1. ESTIMULA LA FORMACIÓN DE OSAMENTA

Nuestros huesos tienen que afrontar todo el estrés causado por el aumento de peso que tienen que soportar mientras corremos. Si el entrenamiento se planifica correctamente para evitar toda esa carga, los huesos se adaptan y se vuelven más resistentes. Para ello, es crucial tener una buena técnica de running y respetar el tiempo de recuperación. Adaptarse al estrés ayuda a prevenir la osteoporosis a medida que envejeces.

 

2. FORTALECE LOS MÚSCULOS DEL CORAZÓN

Las exigencias físicas del running a las que sometes al cuerpo aumentan tu frecuencia cardíaca: el corazón tiene que latir más fuerte y más rápido para adaptarse a la intensidad del ejercicio.

¿La buena noticia? Un corazón fuerte mejora la circulación sanguínea y reduce el riesgo de presión arterial alta.

3. POTENCIA LA ENERGÍA Y EL METABOLISMO

Lo más normal es que después de correr sientas más energía y más alerta que antes de realizar el ejercicio.

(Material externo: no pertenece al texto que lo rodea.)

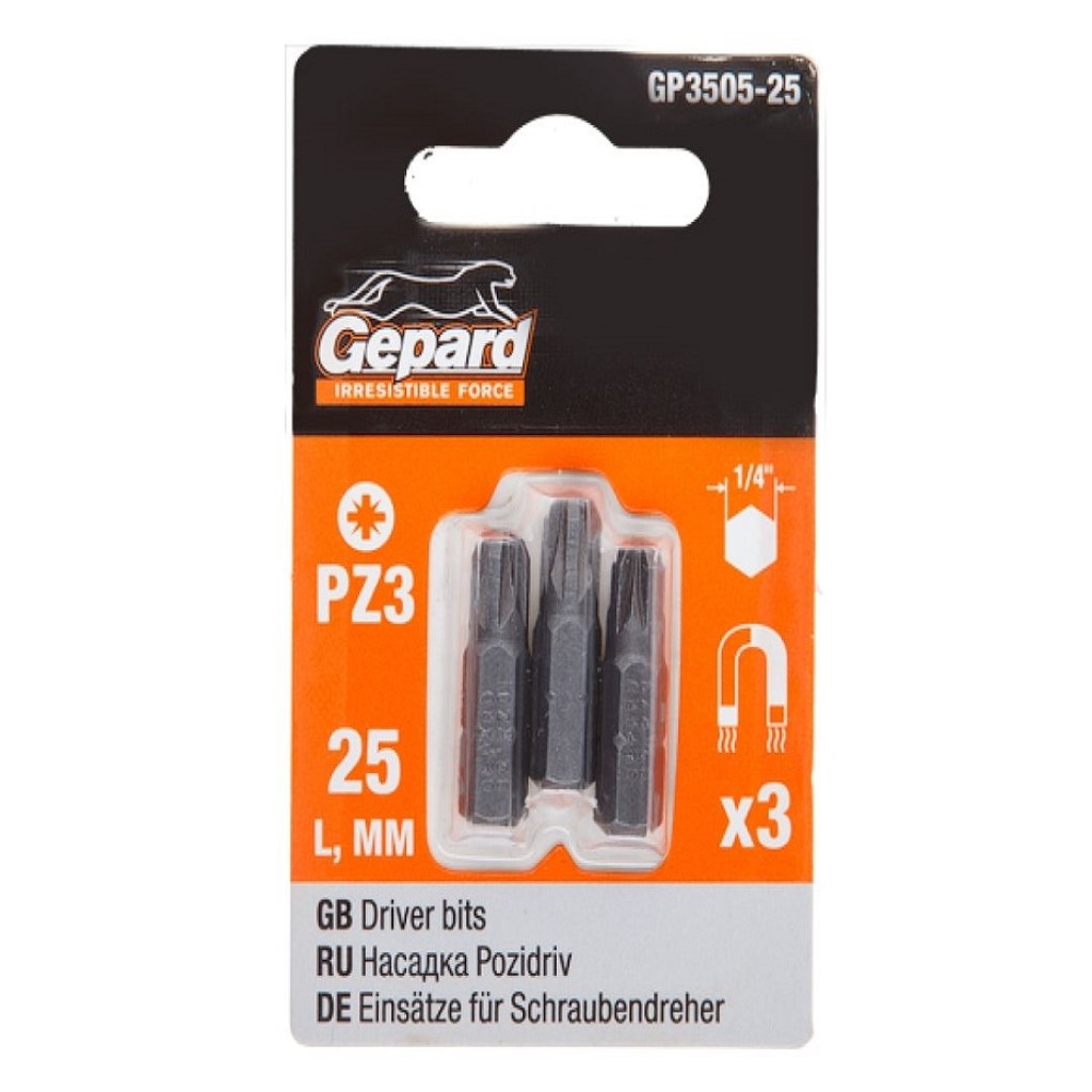 Бита Gepard PZ №3, магнитная, 25мм, 3шт

Sin embargo, los grandes beneficios son los que tienen efecto a largo plazo. Correr mejora la circulación y la capacidad pulmonar, ¡por lo que te sentirás más en forma incluso en las actividades del día a día!

La quema de grasa depende de muchos factores, así que no todos obtenemos los mismos resultados. No obstante, lo cierto es que correr puede ser una buena opción para estimular la quema de grasa. Las sesiones de running, tanto las de alta intensidad como las de baja intensidad, aportan varios beneficios para derretir esos kilos de más.

 

4. REDUCE LOS NIVELES DE COLESTEROL

El colesterol de nuestro cuerpo se divide en dos tipos: el “bueno” (HDL) y el “malo” (LDL).

Algunos estudios demuestran que las actividades de running de intensidad moderada aumentan el colesterol “bueno”, lo que significa que se reduce el riesgo de ataque cardíaco, arteriopatía coronaria y embolias.

Para reducir el nivel de colesterol “malo” es necesario realizar ejercicios de alta intensidad.

5. REDUCE LOS NIVELES DE AZÚCAR EN SANGRE

Los músculos necesitan mucha energía durante las sesiones de running: para responder a tal demanda, el cuerpo utiliza la glucosa (el azúcar) de la sangre como combustible. Así que como resultado, correr reduce los niveles de azúcar en la sangre.

Además, varios estudios señalan que este deporte puede aumentar la sensibilidad a la insulina y prevenir la diabetes, ya que un metabolismo más sensible a la insulina es más eficiente a la hora de mantener los niveles de azúcar dentro de un límite saludable.

Así que, ¿a qué esperas? ¡Átate las zapatillas y vamos allá!